## Instructions to follow
Since the pictures are not wanted, retype the listing below exactly and without them.

## Dataset content
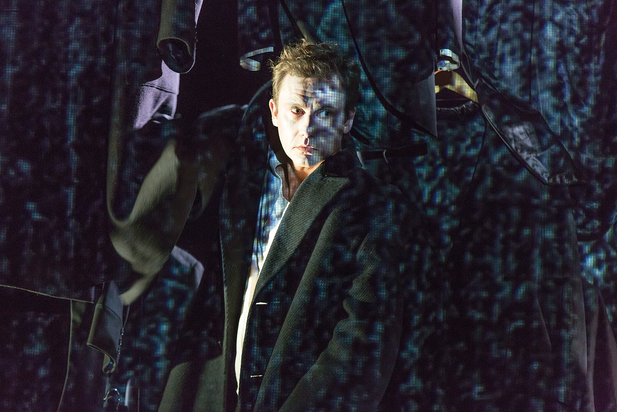 Nacionālā teātra Aktieru zāles pagrabs ar zemajām velvēm rada iespaidu, ka izrādes pasaule ir varmācīgi sapresēta un sprāgst laukā no telpas šaurības. Gan tāpēc, ka Edgara Mākena vokāli instrumentālais muzikālais noformējums izceļas ar plašu, teju vai brīvdabas estrādei piemērotu skanējumu, gan arī tāpēc, ka scenogrāfs Aigars Ozoliņš kulišu un dibensienas prospekta vietā vairākos līmeņos sakarinājis neskaitāmus apģērba gabalus. Spēles laukums atgādina garderobi, kur bez jēgas svārku, brunču, bikšu, blūžu un līdz ar tām arī sociālo lomu un ideju, kuras cilvēks var valkāt saskaņā ar savu garastāvokli un nepieciešamību. Melnbalti drebelīgajās gaismās šī lupatu pārbagātība šķiet kustamies kā skudru pūznis, no kura cita pēc citas iznirst darbības personas, lai pastāstītu katra savu stāstu.
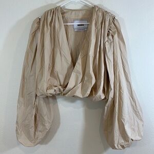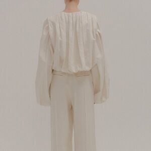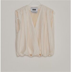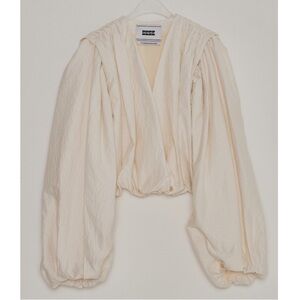 Eenk POUPEE Shirred Collarless Ivory Jacket with detachable sleeves
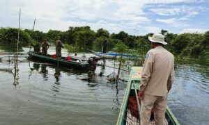 កំពង់ធំ៖ លោក ជិន ស៊ីថា នាយខណ្ឌរដ្ឋបាលជលផលកំពង់ធំ អធិការដ្ឋានរដ្ឋបាលជលផលខាងជើងបឹងទន្លេសាប និងសង្កាត់រដ្ឋបាលជលផលកំពង់ស្វាយលើ បានដឹកនាំកម្លាំង មន្រ្តីខណ្ឌជលផលកំពង់ធំ និងមន្ត្រីជាប់កិច្ចសន្យា និងគណៈកម្មការសហគមន៍នេសាទសាមគ្គីកំពង់គោ សហការជាមួយកម្លាំងទីបញ្ជាការស្រាល ចុះទប់ស្កាត់ និងបង្ក្រាបបទល្មើសជលផលនៅចំណុច: អូរតាសេក,ចុងអូរឡោ ក្នុងភូមិសាស្រ្តឃុំកំពង់គោ ស្រុកកំពង់ស្វាយ ខេត្តកំពង់ធំ នៅថ្ងៃទី០៣ ខែតុលា ឆ្នាំ២០២៥។ ជាក់ស្ដែងកម្លាំងជំនាញបានចុះសង្ក្រាបបទល្មើសនេសាទបឹងទន្លេសាប...
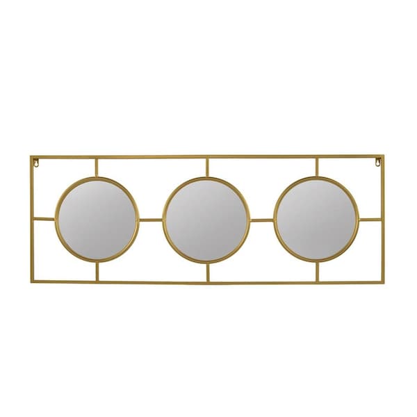 Beautify your space with an ornament that's original and unique at the same time with this 16-inch gold iron framed accent mirror. Inside the frame there is a rectangle shaped mirror which will open up any space you hang this piece in. This frame works nicely with the full-bodied mirror in the middle. Due to its high quality construction, it will last a lifetime. This beautiful mirror will add brightness into any room your choose put this mirror in. 15.7-inch H x 43.3-inch W x 0.8-inch D

## Answer to this task
 Nacionālā teātra Aktieru zāles pagrabs ar zemajām velvēm rada iespaidu, ka izrādes pasaule ir varmācīgi sapresēta un sprāgst laukā no telpas šaurības. Gan tāpēc, ka Edgara Mākena vokāli instrumentālais muzikālais noformējums izceļas ar plašu, teju vai brīvdabas estrādei piemērotu skanējumu, gan arī tāpēc, ka scenogrāfs Aigars Ozoliņš kulišu un dibensienas prospekta vietā vairākos līmeņos sakarinājis neskaitāmus apģērba gabalus. Spēles laukums atgādina garderobi, kur bez jēgas svārku, brunču, bikšu, blūžu un līdz ar tām arī sociālo lomu un ideju, kuras cilvēks var valkāt saskaņā ar savu garastāvokli un nepieciešamību. Melnbalti drebelīgajās gaismās šī lupatu pārbagātība šķiet kustamies kā skudru pūznis, no kura cita pēc citas iznirst darbības personas, lai pastāstītu katra savu stāstu.
 Eenk POUPEE Shirred Collarless Ivory Jacket with detachable sleeves
 កំពង់ធំ៖ លោក ជិន ស៊ីថា នាយខណ្ឌរដ្ឋបាលជលផលកំពង់ធំ អធិការដ្ឋានរដ្ឋបាលជលផលខាងជើងបឹងទន្លេសាប និងសង្កាត់រដ្ឋបាលជលផលកំពង់ស្វាយលើ បានដឹកនាំកម្លាំង មន្រ្តីខណ្ឌជលផលកំពង់ធំ និងមន្ត្រីជាប់កិច្ចសន្យា និងគណៈកម្មការសហគមន៍នេសាទសាមគ្គីកំពង់គោ សហការជាមួយកម្លាំងទីបញ្ជាការស្រាល ចុះទប់ស្កាត់ និងបង្ក្រាបបទល្មើសជលផលនៅចំណុច: អូរតាសេក,ចុងអូរឡោ ក្នុងភូមិសាស្រ្តឃុំកំពង់គោ ស្រុកកំពង់ស្វាយ ខេត្តកំពង់ធំ នៅថ្ងៃទី០៣ ខែតុលា ឆ្នាំ២០២៥។ ជាក់ស្ដែងកម្លាំងជំនាញបានចុះសង្ក្រាបបទល្មើសនេសាទបឹងទន្លេសាប...
 Beautify your space with an ornament that's original and unique at the same time with this 16-inch gold iron framed accent mirror. Inside the frame there is a rectangle shaped mirror which will open up any space you hang this piece in. This frame works nicely with the full-bodied mirror in the middle. Due to its high quality construction, it will last a lifetime. This beautiful mirror will add brightness into any room your choose put this mirror in. 15.7-inch H x 43.3-inch W x 0.8-inch D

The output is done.